At 5897 metres above sea level Cotopaxi, in Ecuador, is one of the highest active volcanoes in the world. Visible from Quito on a clear day, the majestic monolith dominates the skyline from miles around. Its perfect cone and snow-capped peak make it the most stunningly beautiful of all Ecuador’s volcanoes. A popular challenge is to attempt to hike to the summit of Cotopaxi. Beginning from the Refugio at the height of 4800 metres, the brave climbers trudge through deep snow drifts and fight against debilitating altitude in their battle to reach the top. Whilst it is obviously massively rewarding for those who do succeed, the combination of the altitude and the notoriously unpredictable weather patterns that surround Cotopaxi mean that success is far from guaranteed.
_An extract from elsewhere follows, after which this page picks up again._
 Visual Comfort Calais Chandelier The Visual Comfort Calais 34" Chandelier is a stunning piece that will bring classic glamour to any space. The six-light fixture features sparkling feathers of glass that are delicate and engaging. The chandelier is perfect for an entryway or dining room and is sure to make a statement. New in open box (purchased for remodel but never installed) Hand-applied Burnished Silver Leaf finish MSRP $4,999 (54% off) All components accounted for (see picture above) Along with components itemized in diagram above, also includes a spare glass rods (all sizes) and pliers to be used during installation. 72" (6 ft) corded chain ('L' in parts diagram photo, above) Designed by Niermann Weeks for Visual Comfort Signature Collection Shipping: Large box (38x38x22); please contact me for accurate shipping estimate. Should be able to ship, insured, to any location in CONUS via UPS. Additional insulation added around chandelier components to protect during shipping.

Unfortunately, many climbers return to Quito disappointed, having had their attempts thwarted. An interesting alternative for those who fancy a bit of adventure, but don’t want to go to the top of the mountain, is to mountain bike down it instead. Having already biked down Bolivia’s notorious “Death Road” a couple of months previously, this was definitely a challenge that I wanted to undertake!
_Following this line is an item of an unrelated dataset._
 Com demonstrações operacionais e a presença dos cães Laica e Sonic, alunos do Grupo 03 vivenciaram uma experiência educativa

The Biking Dutchman was established in 1991 and has been running day trips down Cotopaxi ever since. It is easy to see why the company’s success has endured; the ride is utterly exhilarating. The minibuses leave Quito at 7am and make their way to the national park, eventually stopping 4500 metres up the mountain. From here the views of the mountain are breathtaking and provide wonderful photo opportunities. After a safety briefing, we tentatively began our descent. The first 8 kilometres of the ride were all downhill, on a frightening gradient, and we achieved some truly phenomenal speeds. Whilst the ride is suitable for most ability levels, I wouldn’t really recommend it to complete beginners as the bikes were basic and only had front wheel suspension. This meant that maintaining balance was a tricky proposition. I think my knuckles were white from gripping the handlebars so hard! Thankfully, I made it through this stretch with only a couple of minor falls.
When the descent has been completed the ride slows down and takes on a more sedate nature. After the rush of going downhill and holding on for dear life, it was pleasant to actually do some pedalling and take time to appreciate the bewitching lunar landscape. The massive boulders that have been spewed from the volcano in its moments of fury make for particularly compelling viewing.
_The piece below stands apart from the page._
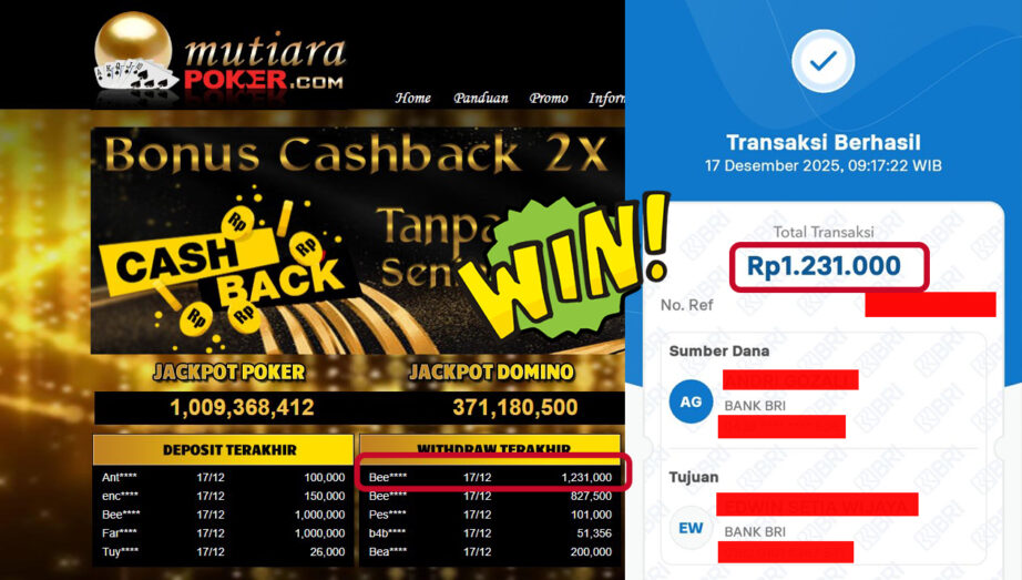 Bukti Withdraw ( 1,231,000,- ) Member Setia MutiaraPoker

Once we had eaten a delicious, and much needed, home-made lunch, we embarked on the final section of the ride. This took us across barren grasslands before plunging through lush pine forests. Pedalling across the grasslands and having to continually change gears was torturous. However, once we headed into the forest, all the effort seemed worthwhile. Here it was possible to really put my foot down, and get some serious speed up, flying over rocks and through puddles in the process. The speeds were comparable to further up the mountain but without the same fear factor, making this my favourite section of the ride. Finally, after four hours of hard riding, we reached the end point. Many of us felt seriously battered and bruised. None of us said that we didn’t enjoy every single minute of it.
The trip is competitively priced at $55 per person. This includes lunch and transport to and from the national park. It doesn’t include the $10 entrance fee to the national park. Check out the Biking Dutchman’s website at http://www.bikingdutchman.com/
Disclaimer: This is an old article which I wrote eight years ago for a sadly now defunct paper called “The Ecuador Reporter.” I’ve updated the article so all price information is current, but please don’t blame me if anything else is out of date!